Each individual peasant family is almost self-sufficient, directly produces most of its consumer needs, and thus acquires its means of life more through an exchange with nature than in intercourse with society. A small holding, the peasant and his family, beside it another small holding, another peasant and another family. A few score of these constitute a village, and a few score villages constitute a department. Thus the great mass of the French nation is formed by the simple addition of homonymous magnitudes, much as potatoes in a sack form a sack of potatoes. Insofar as millions of families live under conditions of existence that separate their mode of life, their interests, and their culture from those of the other classes, and put them in hostile opposition to the latter, they form a class. Insofar as there is merely a local interconnection among these small-holding peasants, and the identity of their interests forms no community, no national bond, and no political organization among them, they do not constitute a class. They are therefore incapable of asserting their class interest in their own name...- Karl Marx, The Eighteenth Brumaire of Louis Napoleon (1852)
Of course, potatoes are an incredibly versatile and resilient food source. You can also drop one just about anywhere and it will become a potato plant. It is seed and food in one. That's self-sufficiency.

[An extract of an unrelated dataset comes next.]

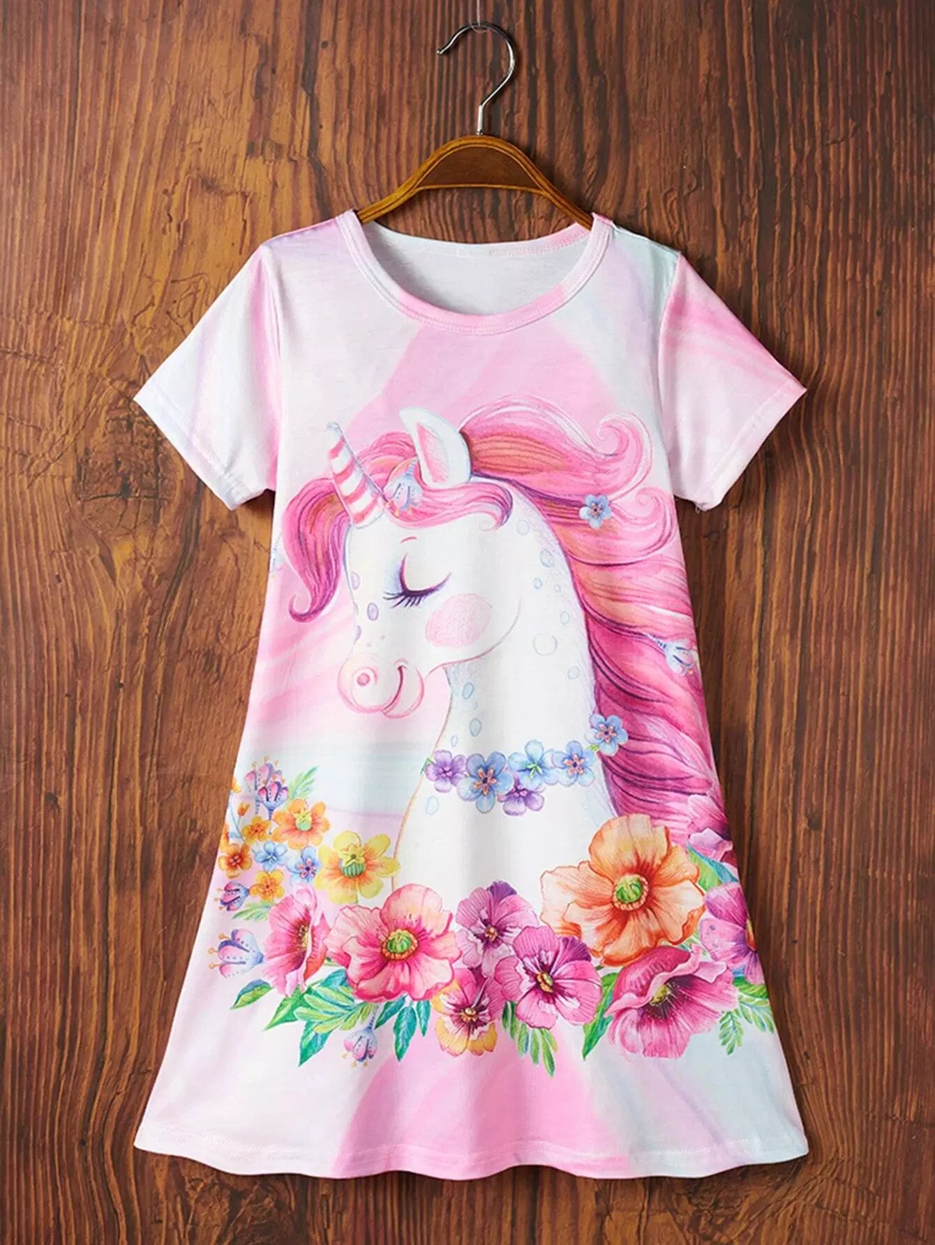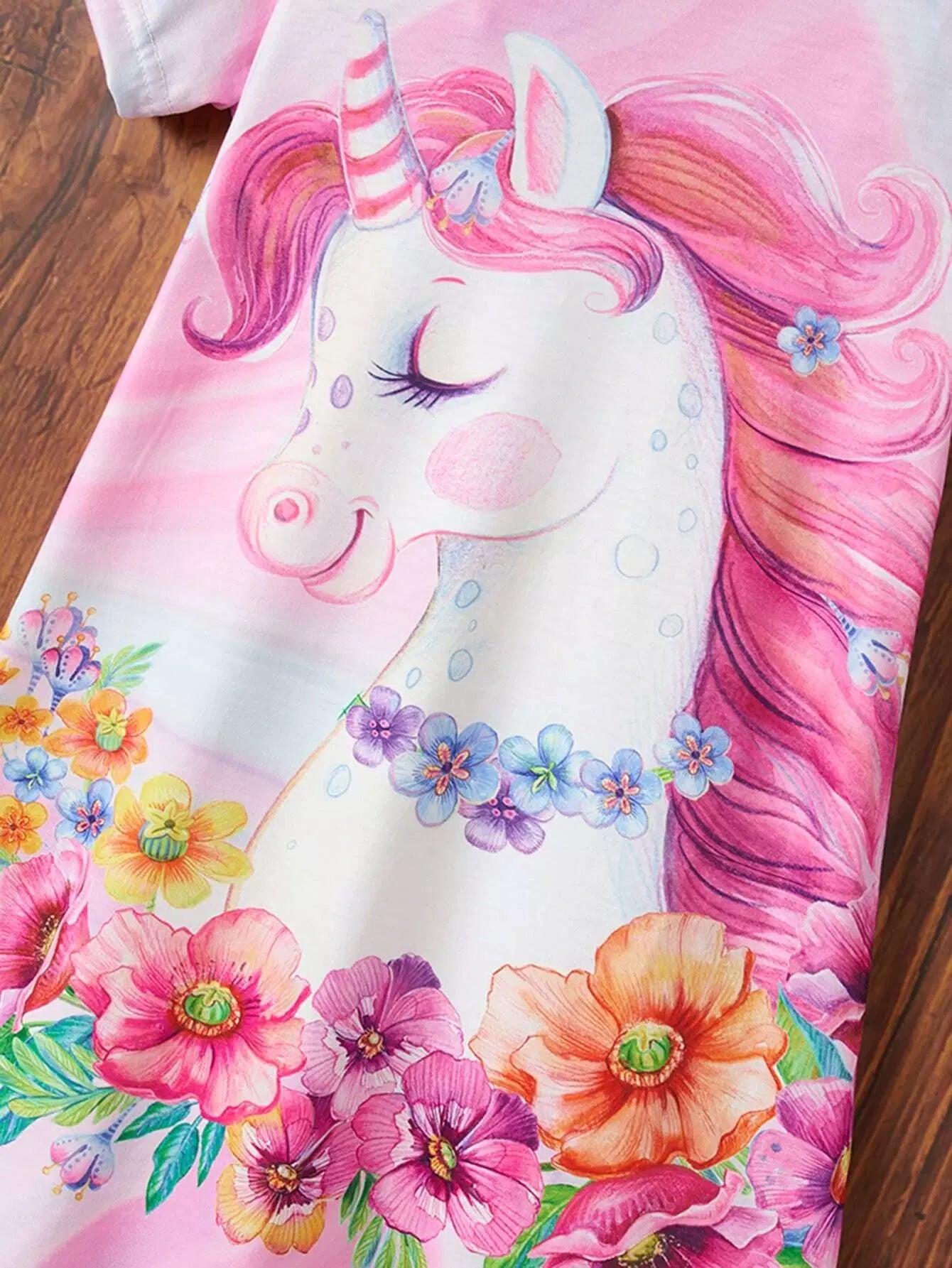 Toddler Girls Unicorn & Floral Print Tee Dress

I do sometimes wonder if the peasant model isn't a rather poorly-developed economic ecology compared to a large, mature, diversified market. More like a field of annual weeds than a biomass and biodiversity-rich forest, for example. More resilient for its modularity and simplicity, but not affording the same capacity for energy storage, diversification, or the sustenance of large and glorious top-of-the-food-chain projects (like a tiger, for example, or a lunar landing).